Keith predicts that the bricks-and-mortar side of his business will get busier when the official non-essential retail opening day arrives on June 15. “I think a lot more people will come out then, partly because clothing shops are going to be open,” he says. But, he warns: “It is going to be a very, very difficult second half for retail. I’m quite confident that we will survive because we are a ‘destination’ place, so we will be okay. But it’s what the level of impact will be everywhere else and what level of unemployment we end up with… Let’s just see what happens. But I fear the high street will be a bloodbath.”
On a more positive note, Keith has been keeping in touch on a very regular basis with his staff through apps. “WhatsApp has been a boon,” he says. “We decided to set up a WhatsApp group on day two of lockdown and it’s been great, because it keeps people involved and we have a laugh. We use it almost every day.”
He also hosts Zoom meetings with his employees. Three staff have celebrated their birthdays since lockdown “so we held Zoom birthday parties and had an afternoon tea party for VE Day. We all got dressed up and waved our Union Jacks! It just makes everybody feel like they’re a team.”

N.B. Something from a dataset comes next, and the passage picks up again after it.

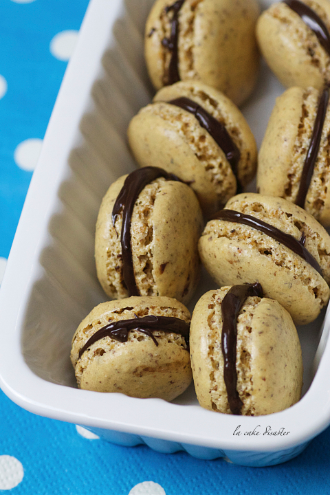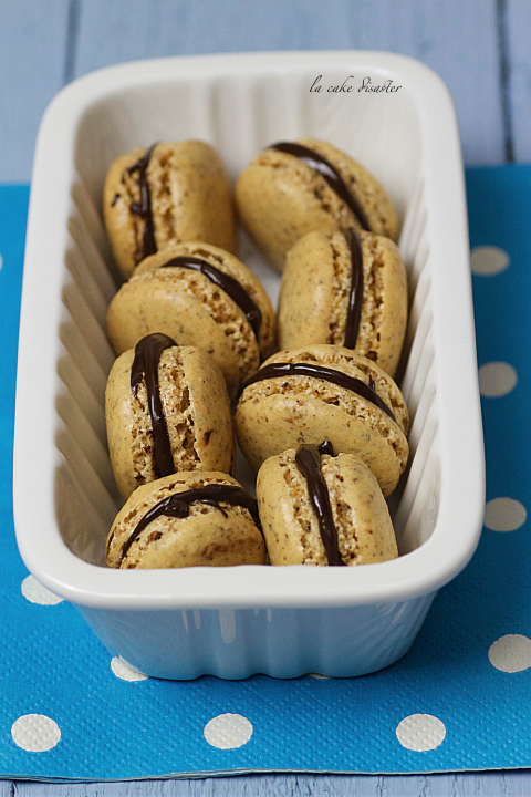Ad un macaron non riesco mai a dire di NO!!! Questa volta ho voluto preparare questi fantastici dolcetti francesi sostituendo la classica farina di mandorle con quella di nocciole…e sinceramente a me piacciono di più in questa versione. Il procedimento è lo stesso, sono stata fortunata che ho trovato la farina di nocciole già pronta (anche se per farla più fine ho usato un mixer) altrimenti se non la trovate, basta comprare le nocciole e prepararla da sé. In un mixer mettere 2 cucchiai di zucchero semolato ogni 100 gr di nocciole spellate se si vuole preparare un dolce, oppure 2 cucchiai di pan grattato per una preparazione salata, azionare il mixer ed interrompere varie volte per non surriscaldare le nocciole e controllare il grado di finezza della farina (questo procedimento va bene anche per le mandorle).

And if any of his housebound staff need essentials, he is happy to drop goods off at the end of their drives. “In times like these, it’s what you do,” he says.
Keith also has a pleasant surprise lined up for his employees when they eventually return to work. In the early days of lockdown, he used the unexpected break to redecorate the shop’s interior and fixtures. He has also repainted the staff room and even hung pictures on the walls. “We’ve transformed the place!” he smiles.